▶ REQUIRED ACTION: Only the lines from the one containing "Voeg een feestelijk" through the end of the data below are to be repeated, exactly as given, without pictures.

▶ RAW DATA:
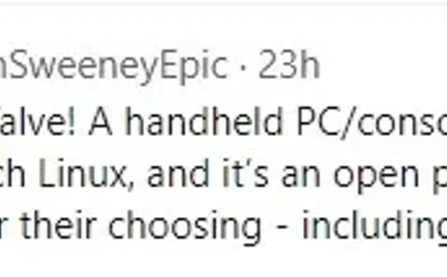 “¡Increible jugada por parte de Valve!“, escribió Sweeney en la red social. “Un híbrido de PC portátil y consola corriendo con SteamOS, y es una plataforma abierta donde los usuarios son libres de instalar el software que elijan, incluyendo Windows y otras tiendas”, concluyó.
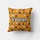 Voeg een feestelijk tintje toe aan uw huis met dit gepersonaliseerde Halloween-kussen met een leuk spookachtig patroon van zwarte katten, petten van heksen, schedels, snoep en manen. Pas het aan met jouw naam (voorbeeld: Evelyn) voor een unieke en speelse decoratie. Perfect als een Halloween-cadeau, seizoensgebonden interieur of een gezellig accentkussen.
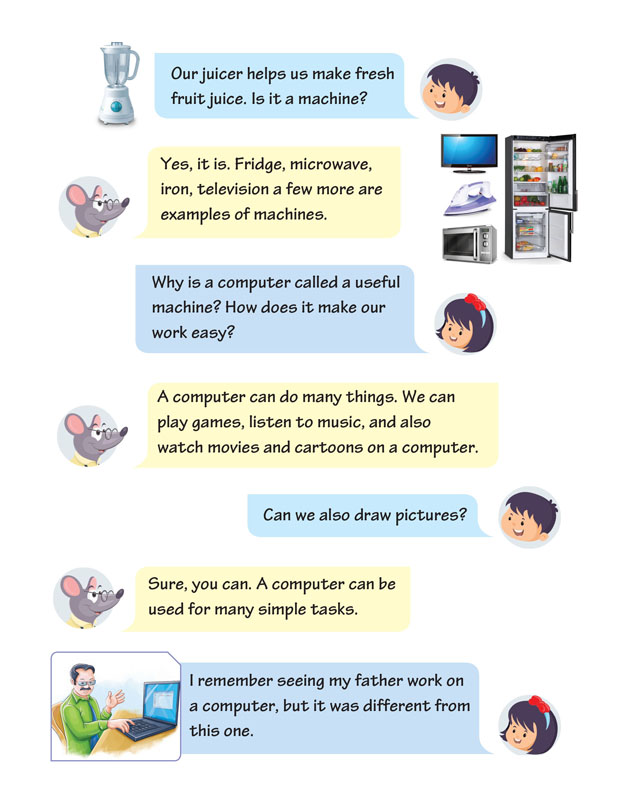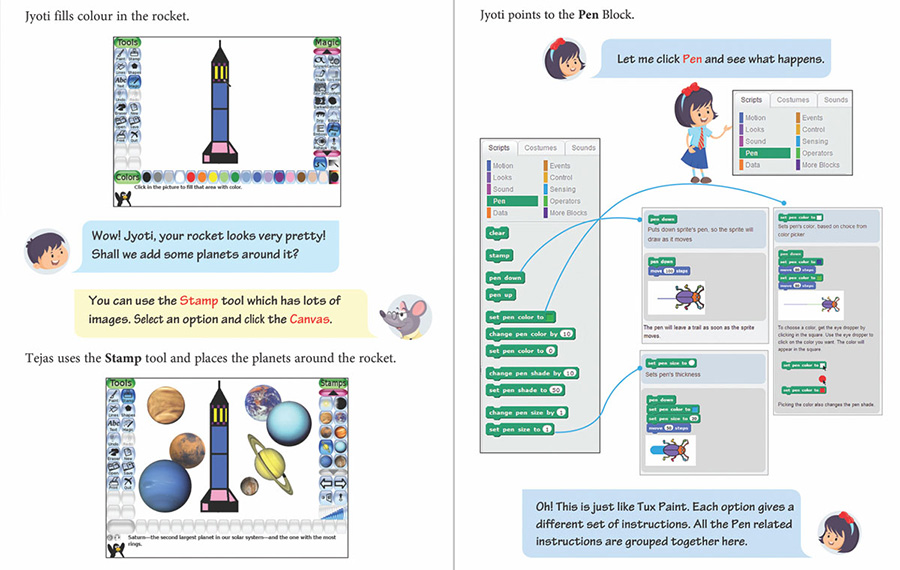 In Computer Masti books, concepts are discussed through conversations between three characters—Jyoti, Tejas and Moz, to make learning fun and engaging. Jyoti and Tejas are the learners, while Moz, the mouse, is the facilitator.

▶ COMPLETED EXERCISE:
 Voeg een feestelijk tintje toe aan uw huis met dit gepersonaliseerde Halloween-kussen met een leuk spookachtig patroon van zwarte katten, petten van heksen, schedels, snoep en manen. Pas het aan met jouw naam (voorbeeld: Evelyn) voor een unieke en speelse decoratie. Perfect als een Halloween-cadeau, seizoensgebonden interieur of een gezellig accentkussen.
 In Computer Masti books, concepts are discussed through conversations between three characters—Jyoti, Tejas and Moz, to make learning fun and engaging. Jyoti and Tejas are the learners, while Moz, the mouse, is the facilitator.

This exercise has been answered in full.